Trophocosta nummifera

Scientific classification
- Domain: Eukaryota
- Kingdom: Animalia
- Phylum: Arthropoda
- Class: Insecta
- Order: Lepidoptera
- Family: Tortricidae
- Genus: Trophocosta
- Species: T. nummifera
- Binomial name: Trophocosta nummifera (Meyrick, 1910)
- Synonyms: Spatalistis nummifera Meyrick, 1910; Trophocosta multiastra Razowski, 1964; Spatalistis perusta Diakonoff, 1953;

= Trophocosta nummifera =

- Authority: (Meyrick, 1910)
- Synonyms: Spatalistis nummifera Meyrick, 1910, Trophocosta multiastra Razowski, 1964, Spatalistis perusta Diakonoff, 1953

Species of moth

Trophocosta nummifera is a species of moth of the family Tortricidae.
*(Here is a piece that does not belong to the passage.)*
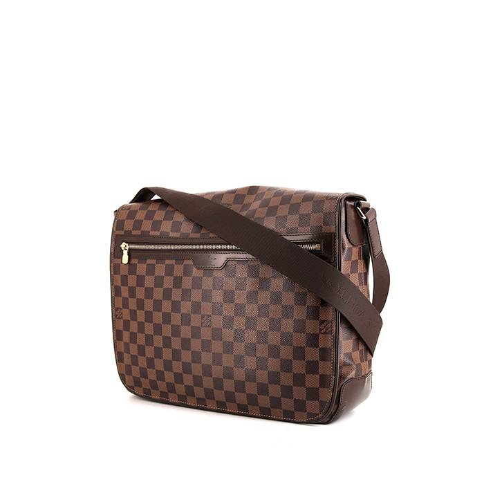 Práctico bolso bandolera Louis Vuitton Spencer de lona a cuadros marrón y de cuero marrón, adorno en metal dorado, bandolera ajustable de lona marrón para llevar al hombro o cruzado.
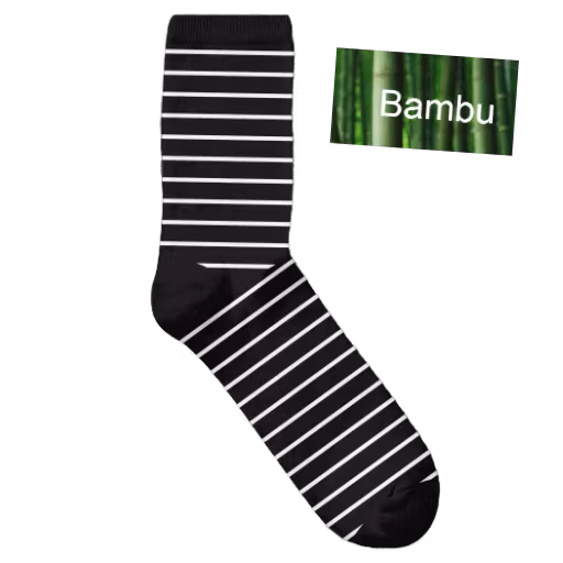 Svart / VitrandigDamstrumpa i mönster av mjuk och skön bambu. Bambunstrumpans naturliga egenskaper gör att strumpan är både antibakteriell och temper

It is found in New Guinea.

The wingspan is about 11 mm. The forewings are clear yellow, with scattered ferruginous-orange dots and strigula. There are three small patches on the costa at the base, at one-third and beyond the middle, mixed with fuscous and spotted with bright leaden-metallic. There is also a patch on the middle of the dorsum and a large irregular patch on the tornus and lower part of the termen reaching half across the wing. This patch is ferruginous-orange, somewhat mixed with fuscous and spotted with bright leaden-metallic. There are several small pale metallic spots towards the apex. The hindwings are grey, but rather darker posteriorly.